While the people who stayed in Tent City were proud of how they built a sense of community, shared their meals and lived by a set of rules they've posted on boards nailed to a tree, the place had troubles. No running water. No bathroom. The fire extinguishers attached to some trees are an inadequate defense against open fires. In summers past, the population has surged to about 100.

On Sunday, members of his Khan's congregation, the Solid Rock Worship Center in Lindenwold, pledged $25,000 to help. The next day, he visited the encampment for the first time. Its founder and acknowledged mayor, Lorenzo "Jamaica" Banks, said his people would leave if they knew they could have free housing for a year.

By Thursday, Khan and his group had worked out the details.

They'd raise at least $250,000. After the night in the hotel, the homeless would move to a Nehemiah Center facility in Bridgeton, where they could stay for 21 days and have their needs assessed. Couples would have to live separately.

After that, they would occupy several rented homes and condominiums in and around Camden.

Some residents skeptical
The social service agencies that assisted them in Tent City would keep helping. So would job training and drug treatment programs.

Even as they knocked down their tents and sorted out their possessions Thursday, residents were skeptical.

In the morning, 31-year-old Jason Strom worried about the next 48 hours.

For Strom, a heroin addict for half his life, and others with drug problems, medical detoxification was to begin Saturday.

With no access to drugs, he was worried that people were going to be sick during the hotel stay.

And as others shuffled onto a tour bus at midday, he and wife, Jessica Kron, still hadn't managed to sift through everything they kept in the tent that has been home for the past year or so.

"If I came to their home and said, 'Pack up and come with me,' how would they feel?" he asked.

Before he got on the bus with his laptop computer, James Boggs, one of the top officials in Tent City's governing structure, seemed amazed that the help he always wanted to line up had arrived. And he wondered whether it was real.

"Where the hell were they before?" he asked. "Is this a backdoor way to get us to leave because they couldn't do it any other way?"

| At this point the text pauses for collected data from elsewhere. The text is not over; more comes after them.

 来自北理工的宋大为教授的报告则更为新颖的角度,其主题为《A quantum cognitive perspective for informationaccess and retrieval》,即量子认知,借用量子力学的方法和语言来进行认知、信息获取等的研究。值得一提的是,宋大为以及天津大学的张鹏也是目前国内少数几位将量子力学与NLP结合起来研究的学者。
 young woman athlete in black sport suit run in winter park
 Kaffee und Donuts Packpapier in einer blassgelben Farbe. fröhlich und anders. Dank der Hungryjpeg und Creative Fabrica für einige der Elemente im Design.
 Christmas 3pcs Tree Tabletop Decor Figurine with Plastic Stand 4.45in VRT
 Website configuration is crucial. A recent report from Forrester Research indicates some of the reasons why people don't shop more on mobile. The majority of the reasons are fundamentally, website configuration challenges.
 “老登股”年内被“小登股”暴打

But Hal Miller, a homeless outreach coordinator for Volunteers of America of the Delaware Valley, said all of the residents had agreed to join The Nehemiah Group's rescue effort.

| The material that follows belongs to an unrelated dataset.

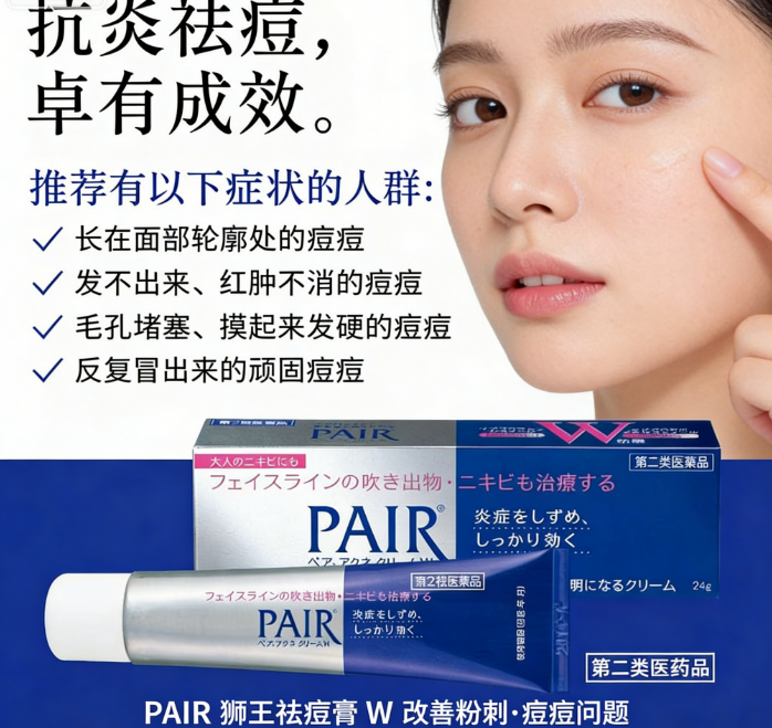 - 取适量 PAIR ACNE 祛痘膏 W 于指尖,轻轻涂抹在长有粉刺、痘痘的部位。

Volunteers assist moving effort
So residents and volunteers spent the morning carting away their possessions in wheelbarrows, shopping carts and wheelchairs.

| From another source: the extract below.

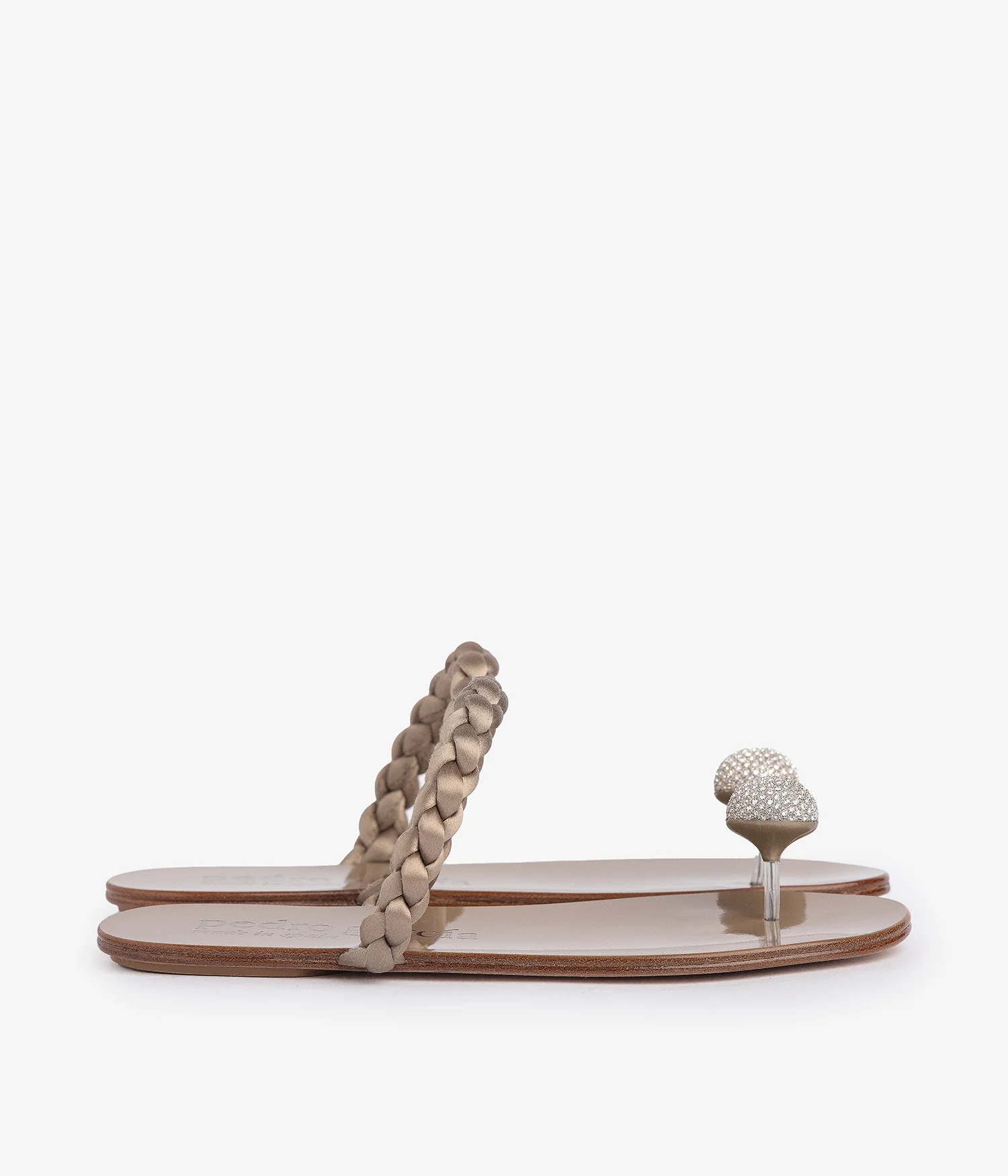 Flat sandal in grey satin leather

Tom Lind, a doctor who often brought his family with him to hand out sandwiches and medical equipment for diabetics, took the rules off a tree. They were destined for the walls of his living room in Sewell.

Robins found a fresh source of food as they poked in the flattened mud where tents had sat.

And finally, around 1:30 p.m. Banks hopped in Khan's Cadillac Escalade and stood up with his head through the sun roof.

A few minutes, the busload of Tent City refugees followed.

About that time, another homeless man took an abandoned shopping cart.

He made his away across Federal Street with it and pushed it to the place where he's living — a single tent less than a block from the erstwhile Tent City.